Work required
From the data that follows, set down exactly the lines from the one with "本文關(guān)于夢(mè" through the one with "Dėžutėje su žaidimu", counting both. Pictures stay out.

Data records
◆ ◆ ◆ ◆ ◆ ◆ ◆
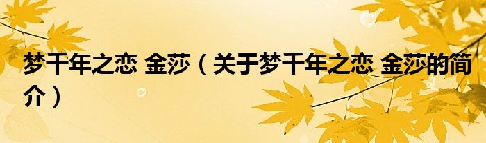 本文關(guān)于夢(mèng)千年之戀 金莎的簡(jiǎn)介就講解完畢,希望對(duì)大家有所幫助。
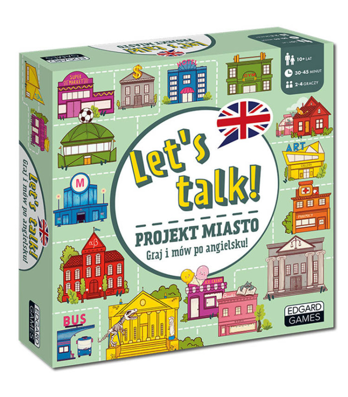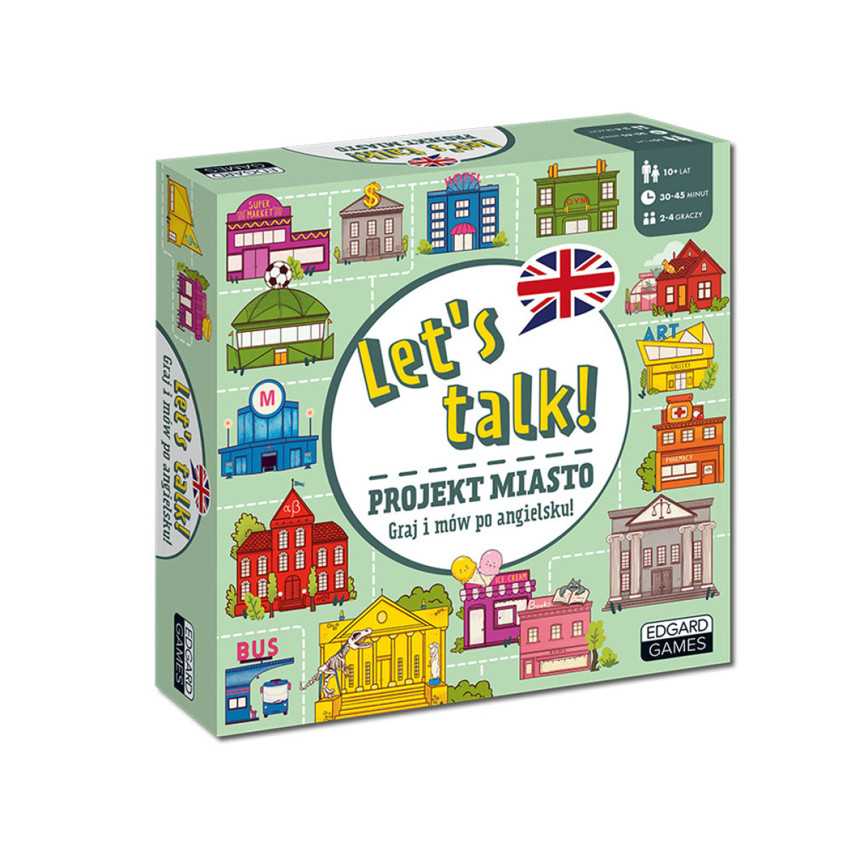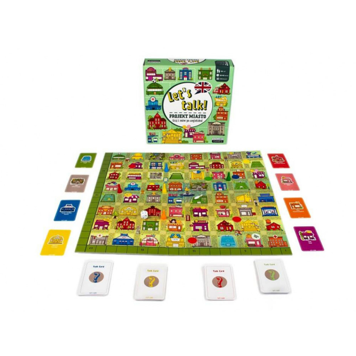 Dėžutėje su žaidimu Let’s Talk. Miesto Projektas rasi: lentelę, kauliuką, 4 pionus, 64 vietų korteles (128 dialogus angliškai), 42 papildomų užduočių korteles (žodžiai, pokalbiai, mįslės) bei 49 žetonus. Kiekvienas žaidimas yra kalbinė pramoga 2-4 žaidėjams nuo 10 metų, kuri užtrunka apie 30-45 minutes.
◆ ◆ ◆ ◆ ◆ ◆ ◆
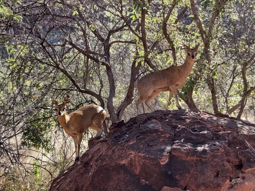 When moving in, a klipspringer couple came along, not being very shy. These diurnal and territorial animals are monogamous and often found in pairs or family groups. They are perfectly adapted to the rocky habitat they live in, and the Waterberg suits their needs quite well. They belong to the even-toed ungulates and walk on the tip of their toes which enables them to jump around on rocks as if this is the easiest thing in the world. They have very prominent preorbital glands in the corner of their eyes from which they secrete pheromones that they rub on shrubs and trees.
◆ ◆ ◆ ◆ ◆ ◆ ◆
Exercise response
 本文關(guān)于夢(mèng)千年之戀 金莎的簡(jiǎn)介就講解完畢,希望對(duì)大家有所幫助。
 Dėžutėje su žaidimu Let’s Talk. Miesto Projektas rasi: lentelę, kauliuką, 4 pionus, 64 vietų korteles (128 dialogus angliškai), 42 papildomų užduočių korteles (žodžiai, pokalbiai, mįslės) bei 49 žetonus. Kiekvienas žaidimas yra kalbinė pramoga 2-4 žaidėjams nuo 10 metų, kuri užtrunka apie 30-45 minutes.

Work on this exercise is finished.